Das angestrebte Autarkieprinzip gilt auch für die Versorgung mit Nahrungsmitteln: Ein Großteil (ca. 60 %) soll selbst produziert werden. Von den Überschüssen werden nicht eigens produzierte Güter zugekauft, um die ökonomische Unabhängigkeit zu stärken. Dazu mußten kleine Werkstätten, Speichermöglichkeiten, Stallungen und ein Wirtschaftstrakt zur Verarbeitung der eigenhergestellten Lebensmittel und Produkte eingeplant werden.

PREISWERTER BETRIEB

Weitgehende Unabhängigkeit von Spendengeldern ist jedoch nur dann möglich, wenn sowohl die Baukosten, als auch vor allem die Instandhaltungs und Betriebskosten so niedrig wie möglich gehalten werden.

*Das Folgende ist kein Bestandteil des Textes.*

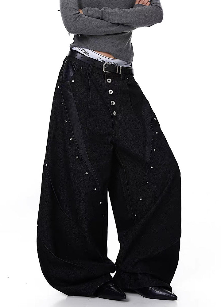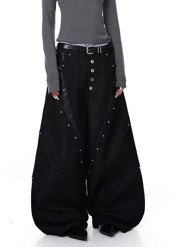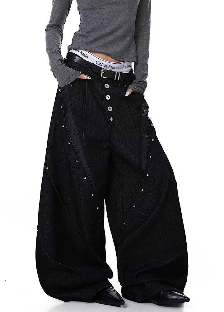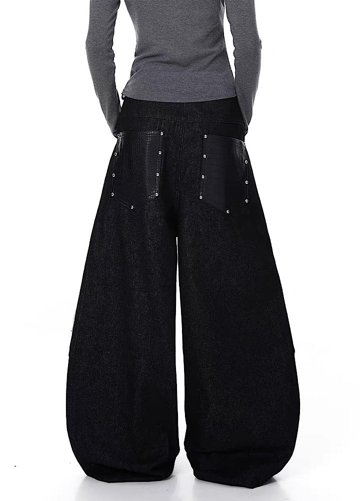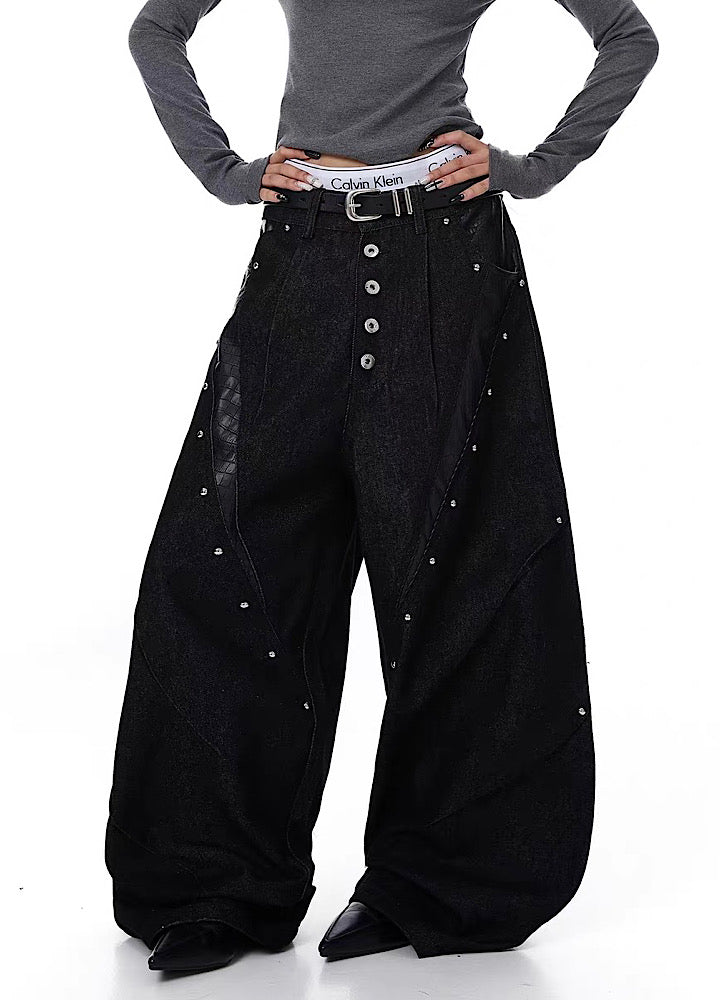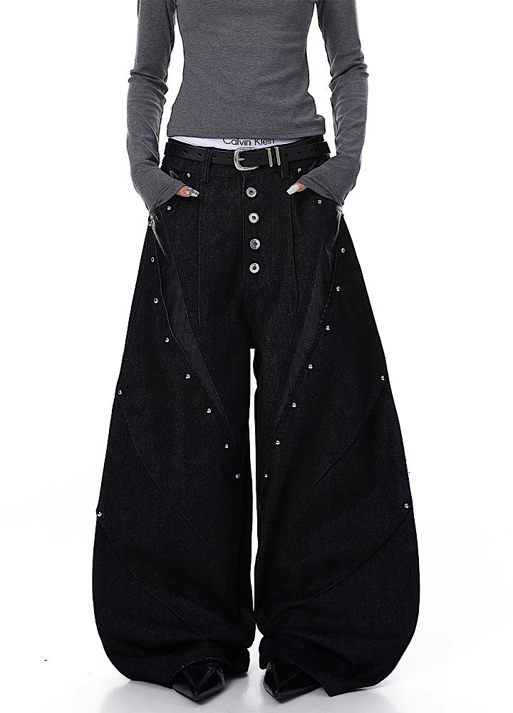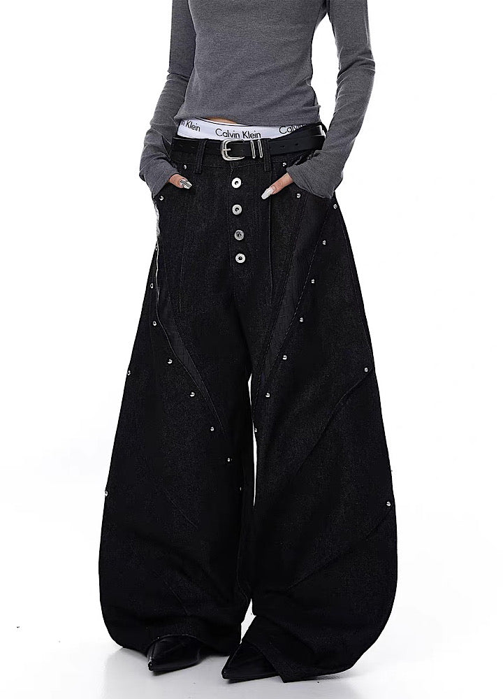 ワイドカーブなシルエットでスタイルよく決まり、タックの入った作りで綺麗な履き方に。

Der Entwurf von David Knoke, der seit 1993 Architektur an der TU Berlin studiert, berücksichtigt all diese Punkte. Sein Haus hat Platz für mindestens 70 Kinder, rund zehn betagte Menschen und etwa zehn Lehrer und Betreuer. Holz und Keramik sind im wesentlichen die Materialien, die er für die Innenausstattung vorschlägt. Als Preis für seinen prämierten Vorschlag bekommt David Knoke einen Flug nach Peru und eine Rundreise an die Stätten der Inka finanziert.

Das Zentrum wird, entsprechend den Spendenaufkommen, in Abschnitten gebaut werden. Vorgesehen ist jedoch, daß es bereits vor der Gesamtfertigstellung für eine kleinere Anzahl von Kindern betrieben wird.